Define the decay constant of a radioactive isotope.

Show that the decay constant \(\lambda \) is related to the half-life \({T_{\frac{1}{2}}}\) by the expression

\[\lambda {T_{\frac{1}{2}}} = \ln 2.\]

Strontium-90 is a radioactive isotope with a half-life of 28 years.

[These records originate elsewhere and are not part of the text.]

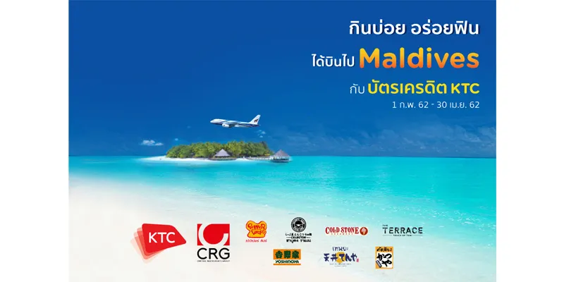 Mrs. Pranaya Nithananon, Vice President - Credit Card Business, “KTC”orKrungthai Card Public Company Limited, jointly withCentral Restaurants Group Company Limited (CRG), Thailand’s business leader in food networks, launch the“Frequent Eatery and Win Trip to Maldives”campaign. Members receive double privilegesfrom February 1, 2019 to April 30, 2019:1)Receive 15% discountinstantly for food and beverage payments (in compliance with restaurant terms and conditions) orredeem for 20% discountwith the redemption ofKTC FOREVER pointsequivalent to the amount of the sales slip, and2) Get chances for a free trip toMaldives(package including air tickets and accommodations : 2 persons/prize) worth Bt. 100,000, or10 Veranda Resort Pattaya M Gallery by Sofitel packageswith a grand total worth of Bt. 60,000, by making the highest value and most frequent transactions using KTC credit cards, starting from Bt. 300 or more, at seven renowned restaurant brands with over 123 branches across the country, including, Pepper Lunch / Chabuton Ramen / Cold Stone Creamery / The Terrace / Yoshinoya / Tenya and Katsuya.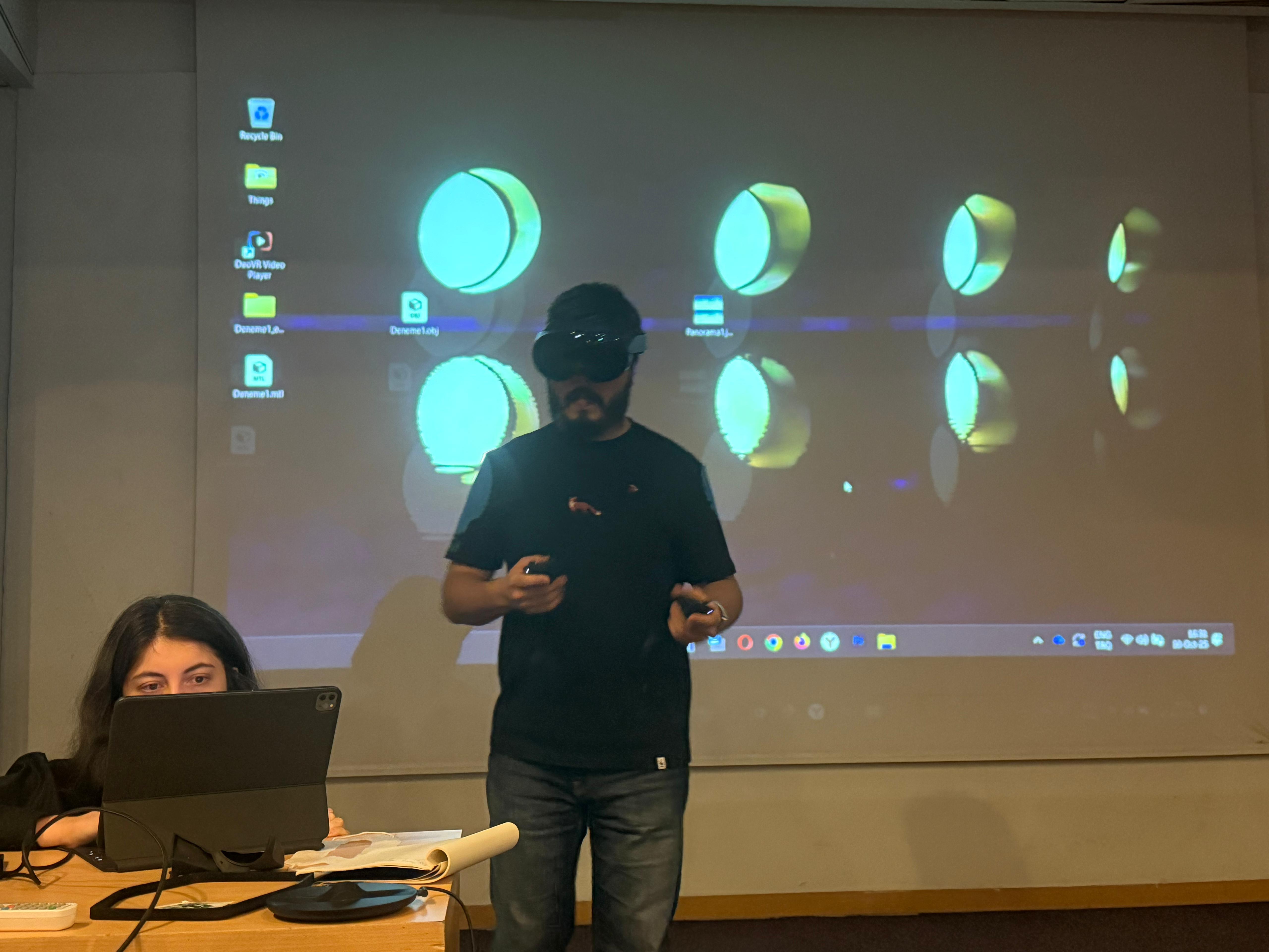 The workshop titled “Mekan_Sanal_Imersif: Immersive Virtual Reality and Architecture” was successfully held on October 30 at Gazi University Faculty of Architecture. The STUDIO V[II] coordinators from Ankara Yıldırım Beyazıt University Department of Architecture, Assoc. Prof. Dr. Hatice Kalfaoğlu Hatipoğlu and Res. Asst. Büşra İnce, contributed to the organization as part of the workshop team.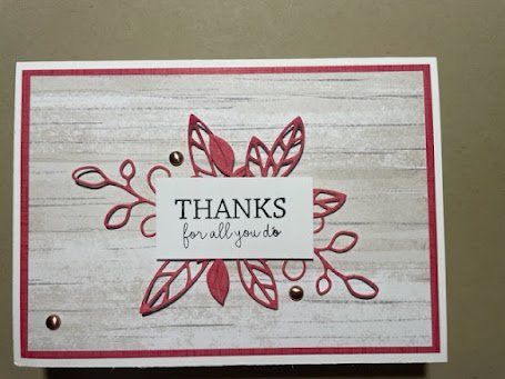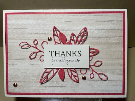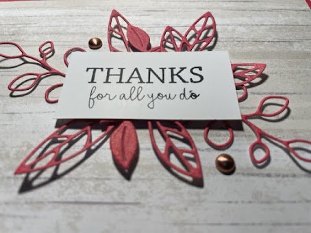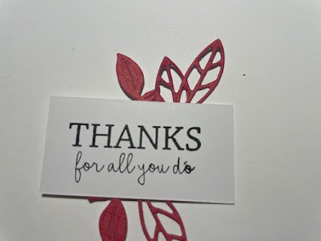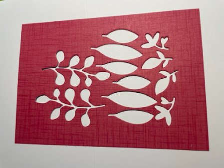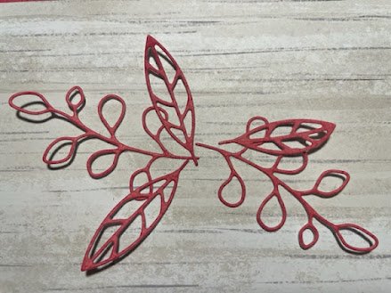To keep some continuity in the card, I thought I would use the Timeless Charm Dies to cut some cute little leaves from the red sheet to use as a feature on the front of the card.

Calculate the time taken for 65% of the strontium-90 nuclei in a sample of the isotope to decay.

probability of decay (of a nucleus) per unit time;

Accept \(\frac{A}{N}\) with symbols defined.

\(N = {N_0}{{\text{e}}^{ - \lambda t}}\) and \(N = \frac{{{N_0}}}{2}\) when \(t = {T_{\frac{1}{2}}}\)\(\,\,\,\)or\(\,\,\,\)\(\frac{{{N_0}}}{2} = {N_0}{{\text{e}}^{ - \lambda {T_{\frac{1}{2}}}}}\);

\(\frac{1}{2} = {{\text{e}}^{ - \lambda {T_{\frac{1}{2}}}}}\)\(\,\,\,\)or\(\,\,\,\)\(2 = {{\text{e}}^{\lambda {T_{\frac{1}{2}}}}}\);

\(\left( {{\text{so }}\ln 2 = \lambda {T_{\frac{1}{2}}}} \right)\)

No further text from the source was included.